Ну хорошо. Только одного не пойму во всей этой благости: молниеносного возвышения девы Дарк. С костра да прямо по правую руку кастеллана цитадели. Ибо ее звание «Оружейницы» или «Оружейника» знаменует именно это. Спрашиваю и получаю мгновенный ответ:
– Здесь диоцез моего отца и одна из его парадных резиденций. Была до осады, во всяком случае.
Вот, значит, как.
– Тогда я оставляю вас всех с легким сердцем, – говорит Сейфулла. – Потому что вы нашли кров, а я должен все время идти.
– Постой, Туфейлиус, – говорю я. – Нельзя же вот так сразу. А Дюльдюль?
– Что Дюльдюль? Думаешь, она только и мечтает о теплой конюшне и двух мерках овса каждый день?
– Черныш, – вздыхает Арман.
– Тоже однолюб нашелся, – ворчит Сейфулла. – А, ладно! Уговорили. Оставлю свою живую драгоценность ему в подарок. Пусть плодят детишек во благо Вробурга и мейстерова кармана.
– А сам пешком пойдешь, что ли?
– Зачем пешком. Куплю хорошего конька…
– Или двух… – продолжает Арман с лукавством. – А потом и тележку для возросшего потомства.
Но когда Сейфулла решил, сделать нельзя уже ничего.
Под самый конец он выразился так:
– Я с вами двигался в сторону Запада, что есть сторона смерти. Когда решите начать путешествие в Страну Востока, я снова найду вас.

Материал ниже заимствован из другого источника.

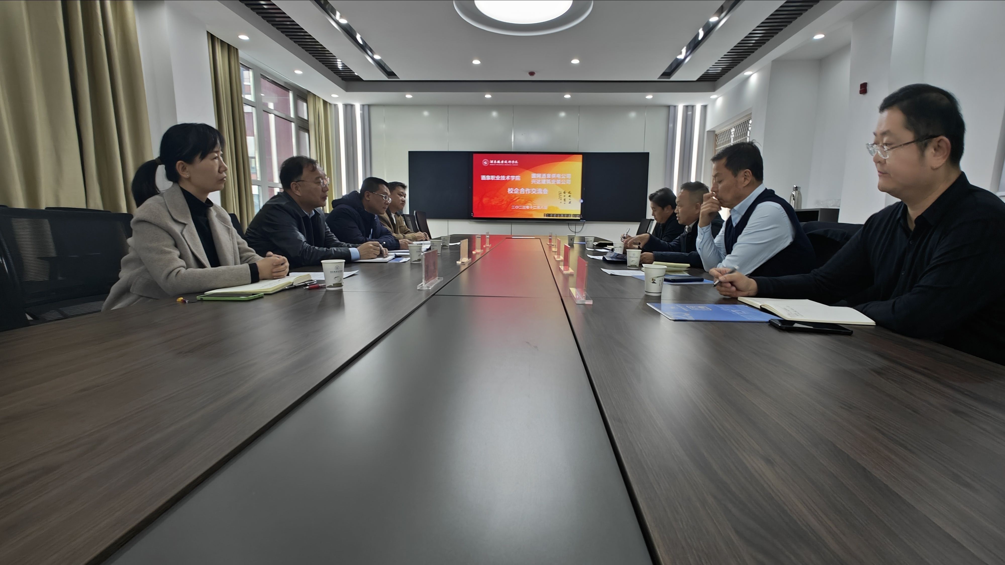 12月8日,国网甘肃省电力公司酒泉供电公司三级职员朱建新、党委组织部(人力资源部)副主任骆慧、酒泉市兴达建筑安装工程有限责任公司总经理刘立、办公室主任史英一行4人来学校开展校企合作交流。

Только теперь, когда он отрывает от нас себя и свою загадочную асасинскую супругу, оставляя для нашего раздумья пару загадок, я понимаю, кем он был для нас. Учителем. Главой общества.
А его жена – кто она?
Когда я задал Арману вопрос, как ему показалась Рабиа, он ответил коротко:
– Маска на маске. Одна сущность надета на другую. Не слушай, что я тебе говорил о ней раньше. Владелица своего супруга и по-прежнему владелица того их меча.
Вот я и остался снова – если не совсем один, то уж точно сам по себе. Первое время мы с Грегором были очень заняты, потому что устраивались на новом месте. Как я говорил, нам позволили (и даже предписали) забрать из фургончика все вещи казненного героя. Очевидно, они не годились родичам ни как реликвии, ни для обыкновенной памяти, так что старинный обычай отдавать имущество мертвого его экзекутору оказался весьма кстати. И вот мы затащили домик на колесах внутрь стены и начали с ним разбираться.
От нашего красавца осталось изобилие дорогой одежды, отделанной мехом и скроенной по таким точным новомодным лекалам, что нынче она не годилась вообще ни на кого. Да уж, стыдно было капитану Николасу держать его в таком небрежении…
А теперь что нам делать с этой мягкой рухлядью? И со всем остальным?
Ну, сам домик пригодился местному коробейнику, что живо обновил колеса у местного коваля, сменил оси и ступицы и добился такого плавного холостого хода, что и лошади, можно сказать, не стало нужно. На руках докатишь.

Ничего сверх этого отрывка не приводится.